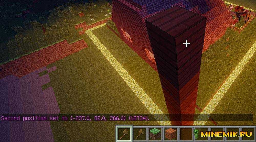 Значит там где down — отмечает 20 кубиков вниз, а там где up — то 20 кубиков вверх. Высота и глубина (числа) можете писать под себя. Многие наверное думать: а зачем в глубину и в высоту отмечать, если есть пол и крыша. Ответ прост: есть гриферы, которые выкопают под вами яму к примеру или еще что. а так вы защитите свое жилье полностью от всех. Еще один не менее легкий способ заприватить территорию. Встаем на низкую точку и пишем в чат //pos 1, переходим к высокой точки и пишем //pos 2. Они отмечают регион так же, как и топорик, но только командами. А главный плюс, куда направлен наш прицел, то и будет отмечено. Правило номер один: выделять точки, только по диагонали.
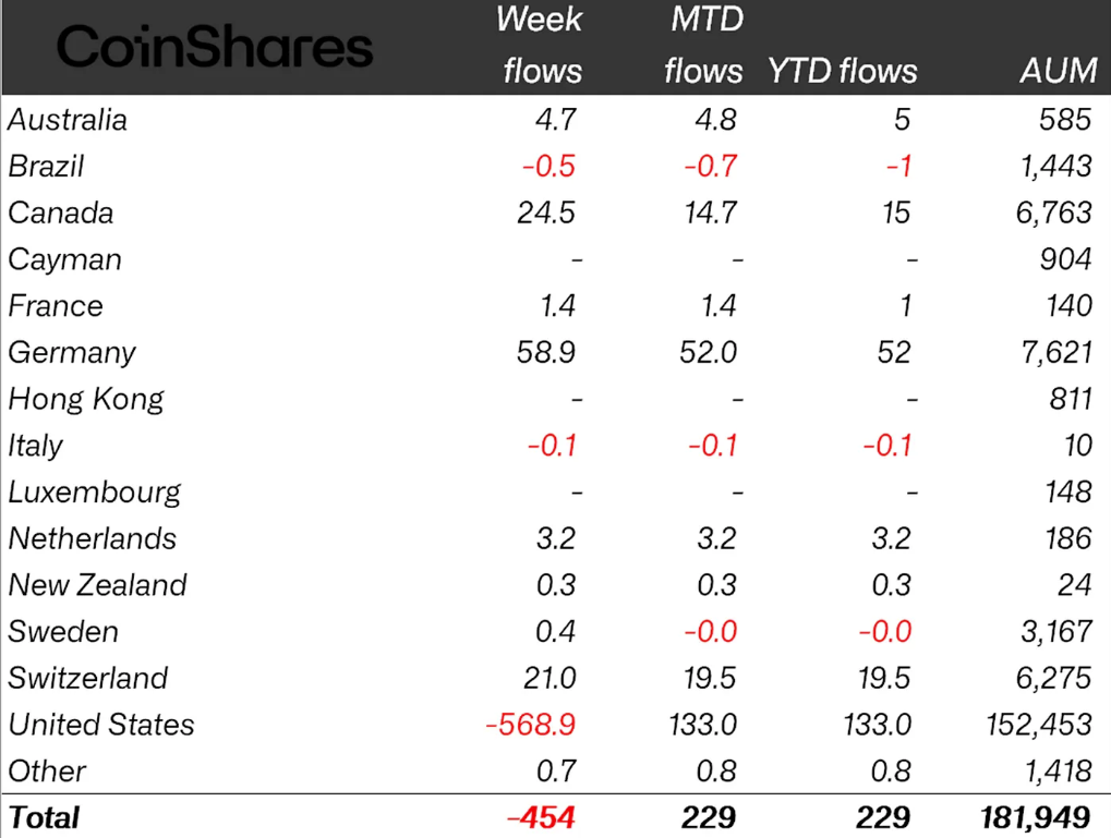 Географически только США продемонстрировали негативное настроение: отток достиг $569 млн.
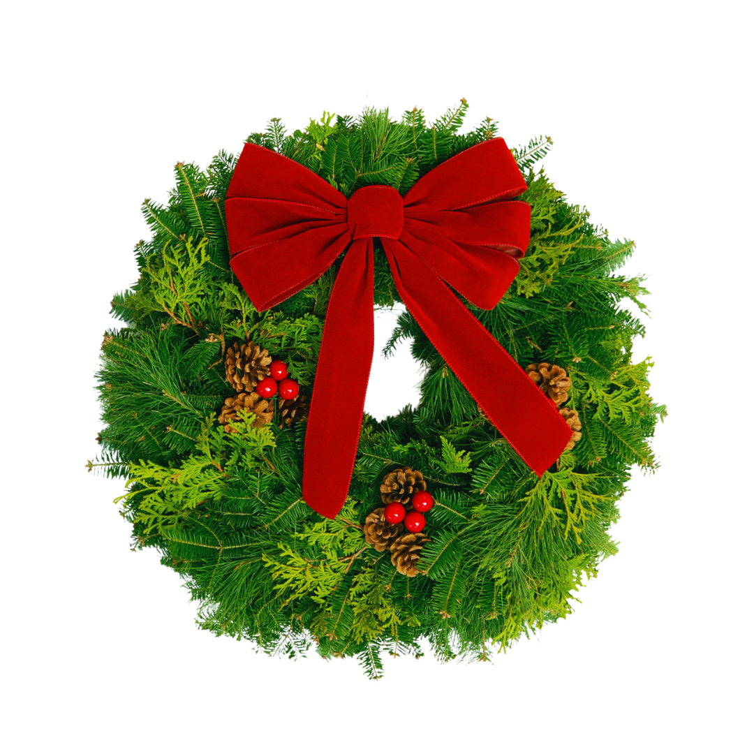 The Mount Cadillac Wreath is one of our largest and fullest wreaths! This seasonal favorite brings a lively style all of its own to any holiday display. On a base of Balsam, White Pine, and Northern White Cedar, the double sided Mount Cadillac measures at 28" of holiday beauty! Finishing touches include pine cones and a giant, hand-tied, red velvet bow. Double sided.
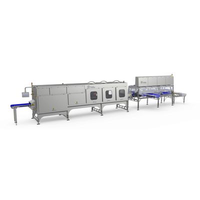 Automatically remove pin bones and cut fillets to the desired portions with the Valka Cutter. Using a combination of an X-Ray and 3D image processing systems together with robot controlled water jets the cutter portions with precision and locates and cuts pin bones. Because the system accurately analyzes each fillet it is able to cut highly uniform portions in relation to size, weight and thickness according to your specifications. With the ability to define multiple cutting patterns and programs different sizes of fillets can be cut into different patterns.
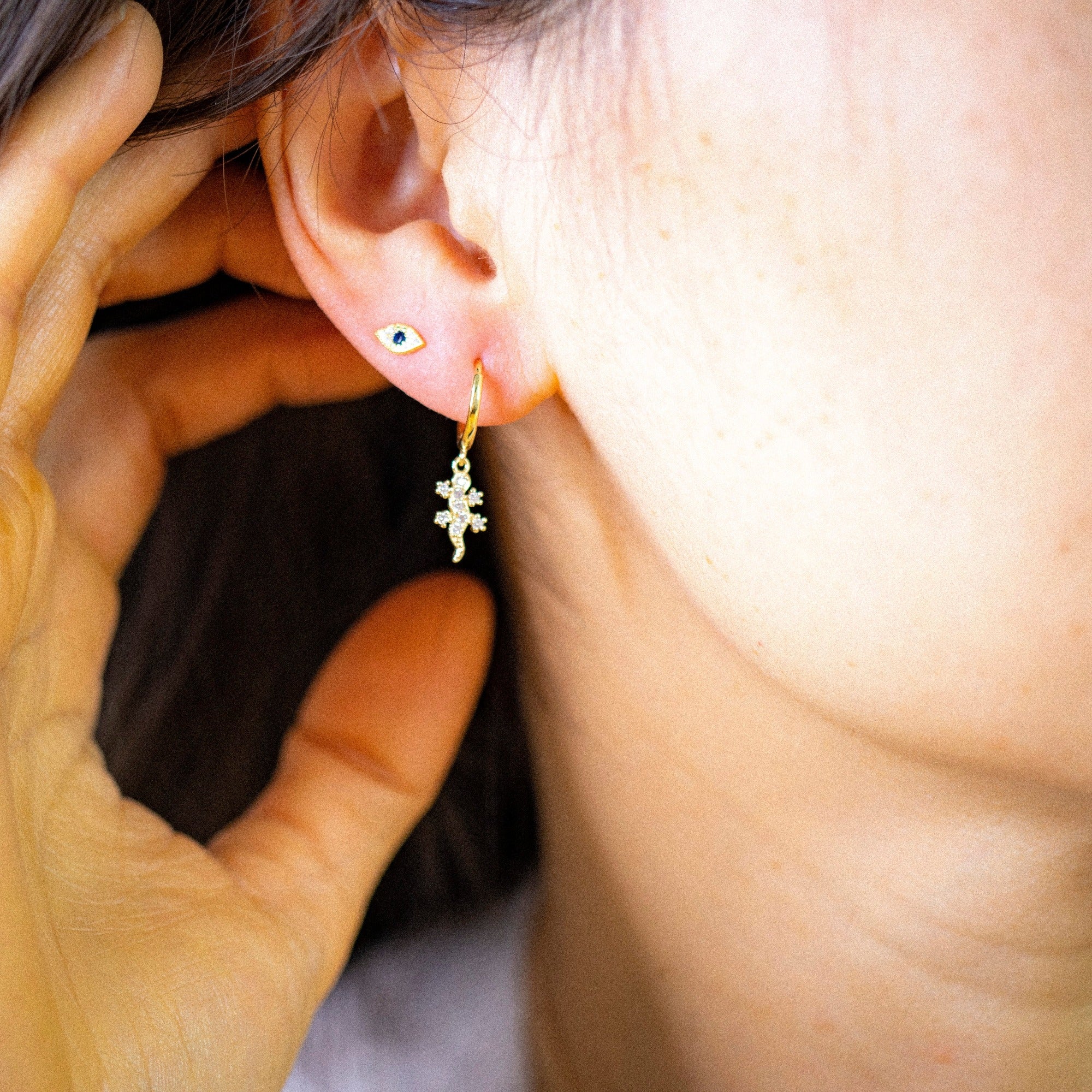 Diese Creolen mit Gecko Anhänger sind ein vielseitig kombinierbares Accessoire mit Wow-Effekt. Die symbolträchtigen Gecko-Ohrhänger mit funkelnden Steinen sind ein ganz besonderer Hingucker.
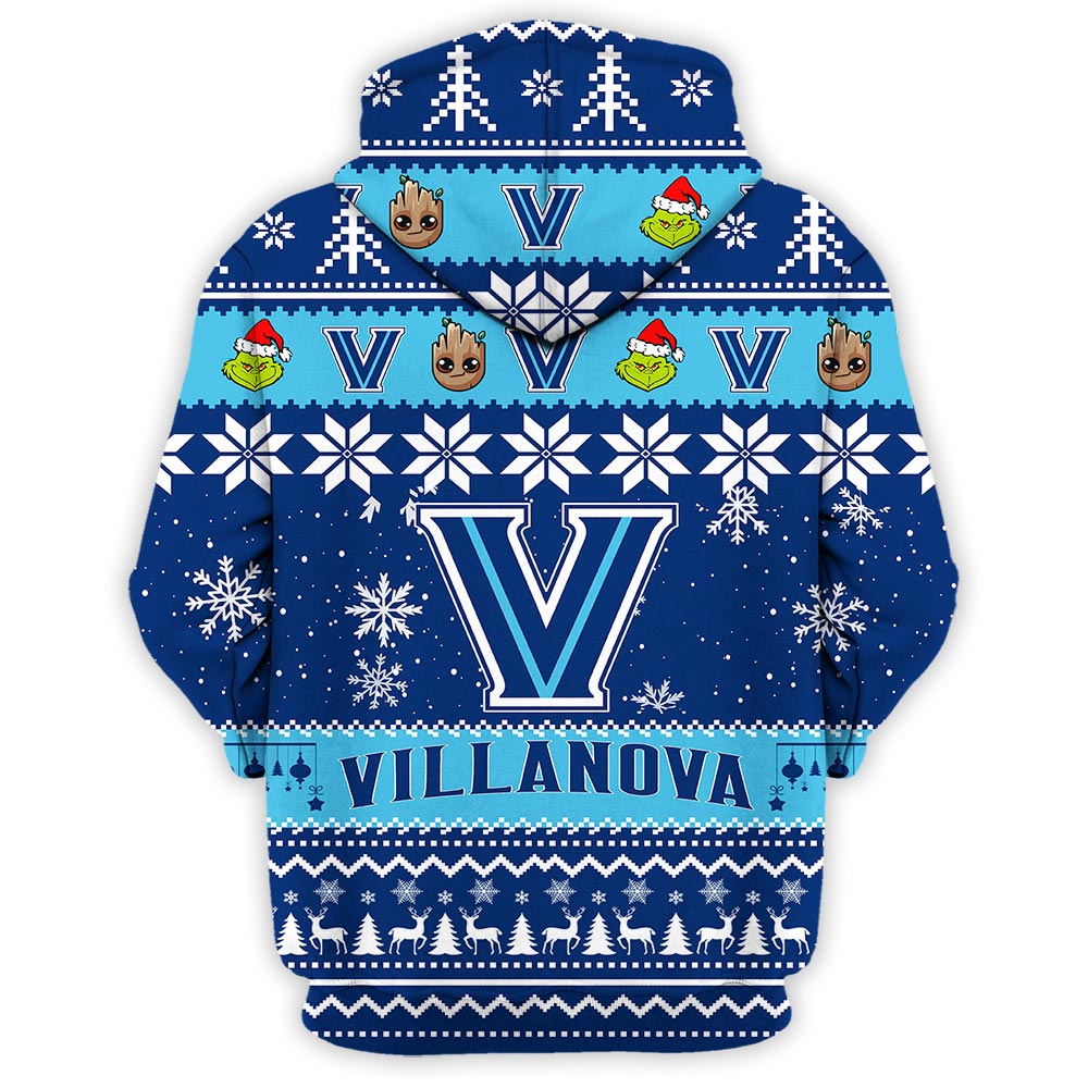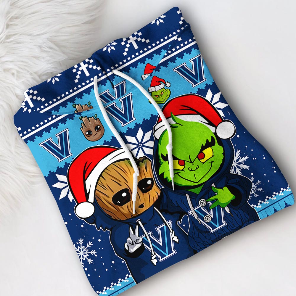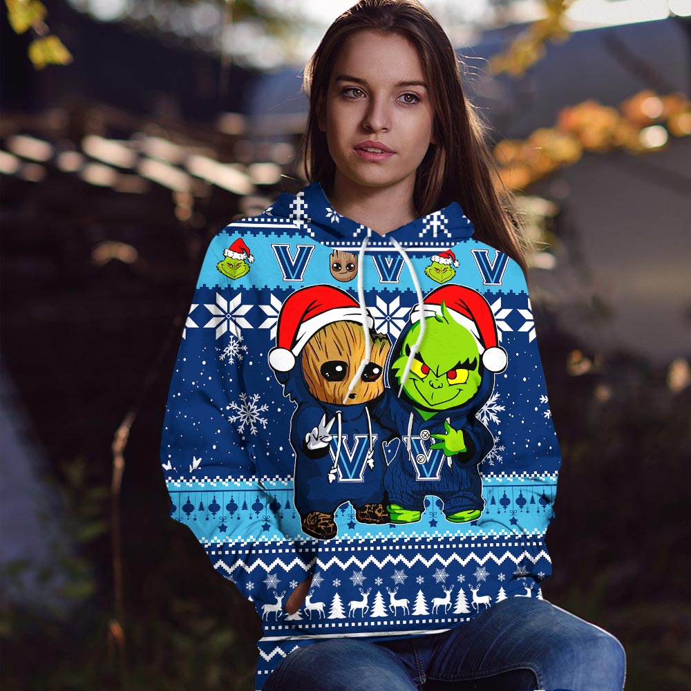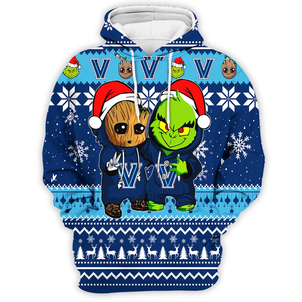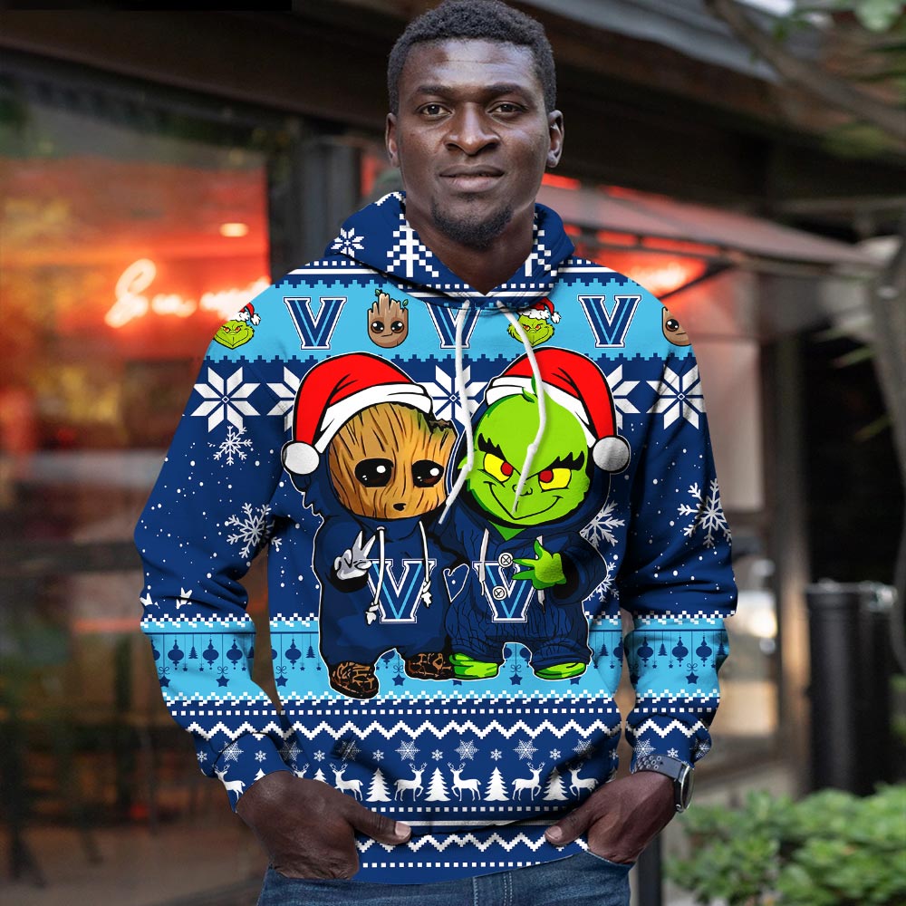 Villanova Wildcats Baby Groot And Grinch Best Friends Football American Ugly Christmas Sweater New Trends For Fans Club Gifts Unisex 3D Hoodie
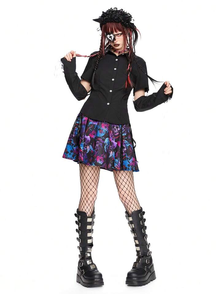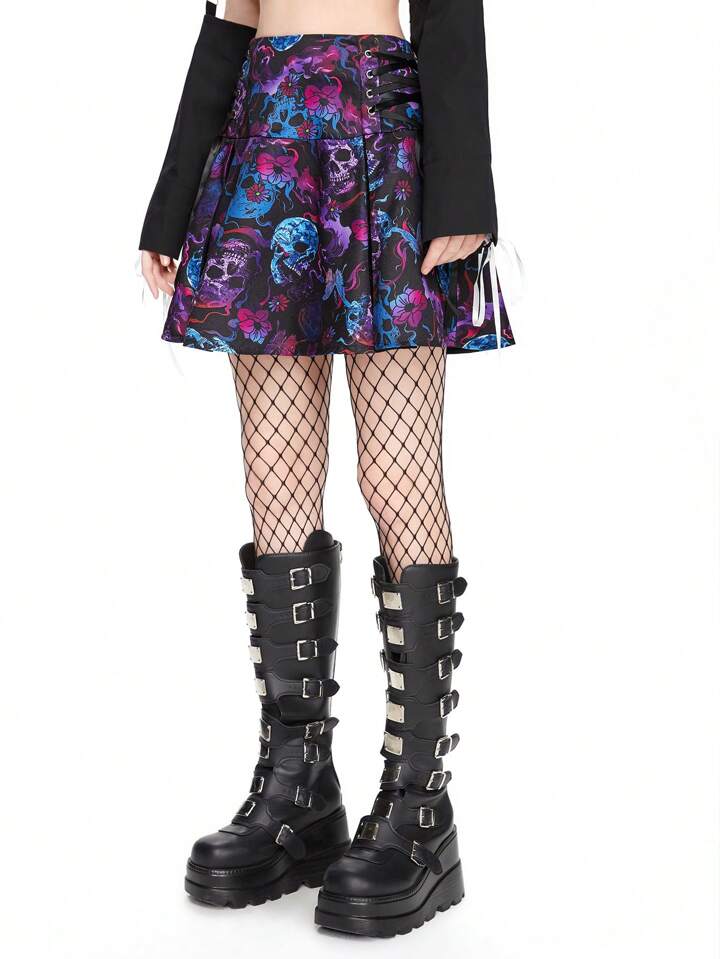 Kawaii Falda acampanada con cordones, patchwork de encaje con calavera y flores, estilo Y2K para mujer
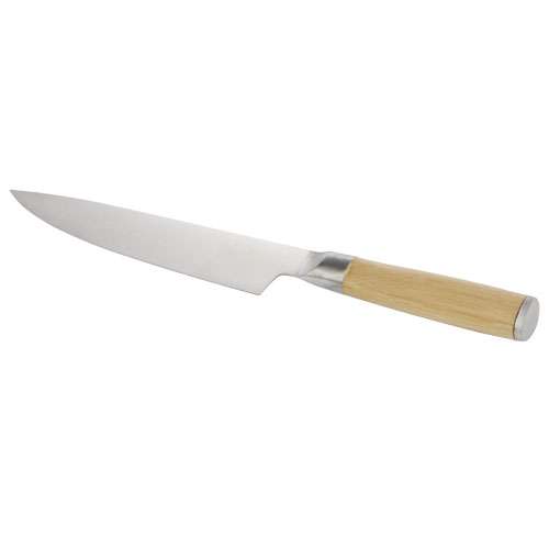 Coltello da chef con manico in bambù. Il bambù è stato approvvigionato e prodotto secondo standard sostenibili.
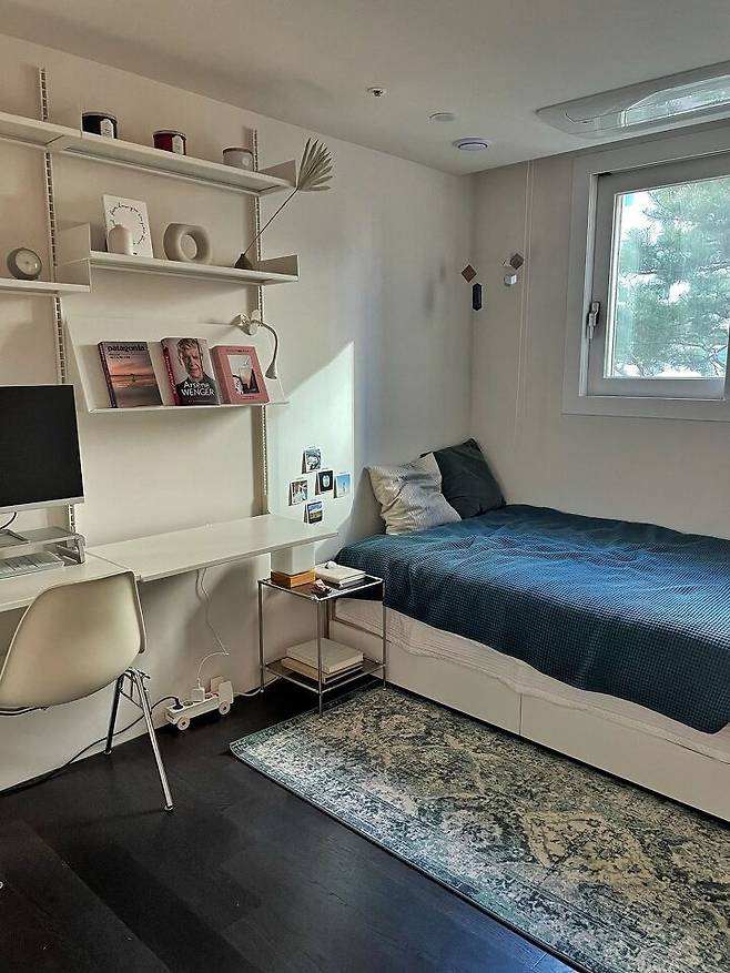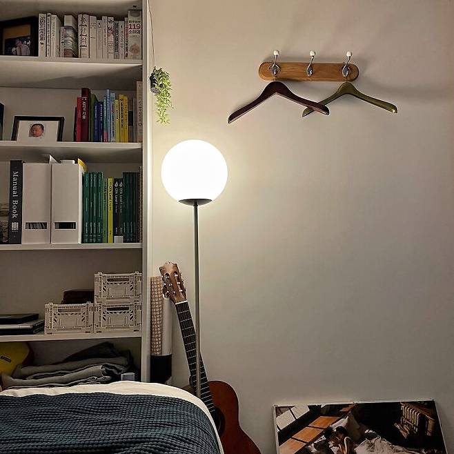 창문가에는 침대를 두었는데요. 평소에는 베드 스프레드로 덮어서 먼지가 쌓이는 걸 막아주고 있어요. 그리고 책장, 서랍, 코트랙과 같은 수납용품을 곳곳에 더해서 이런저런 학용품과 잡동사니를 보관하고 있습니다.

****************************************

■ INSTRUCTIONS TO FOLLOW ■
Begin at the first line of the entries and stop after the line holding "The Mount Cadillac"; repeat those lines exactly, but not the pictures.

■ TASK RESPONSE ■
 Значит там где down — отмечает 20 кубиков вниз, а там где up — то 20 кубиков вверх. Высота и глубина (числа) можете писать под себя. Многие наверное думать: а зачем в глубину и в высоту отмечать, если есть пол и крыша. Ответ прост: есть гриферы, которые выкопают под вами яму к примеру или еще что. а так вы защитите свое жилье полностью от всех. Еще один не менее легкий способ заприватить территорию. Встаем на низкую точку и пишем в чат //pos 1, переходим к высокой точки и пишем //pos 2. Они отмечают регион так же, как и топорик, но только командами. А главный плюс, куда направлен наш прицел, то и будет отмечено. Правило номер один: выделять точки, только по диагонали.
 Географически только США продемонстрировали негативное настроение: отток достиг $569 млн.
 The Mount Cadillac Wreath is one of our largest and fullest wreaths! This seasonal favorite brings a lively style all of its own to any holiday display. On a base of Balsam, White Pine, and Northern White Cedar, the double sided Mount Cadillac measures at 28" of holiday beauty! Finishing touches include pine cones and a giant, hand-tied, red velvet bow. Double sided.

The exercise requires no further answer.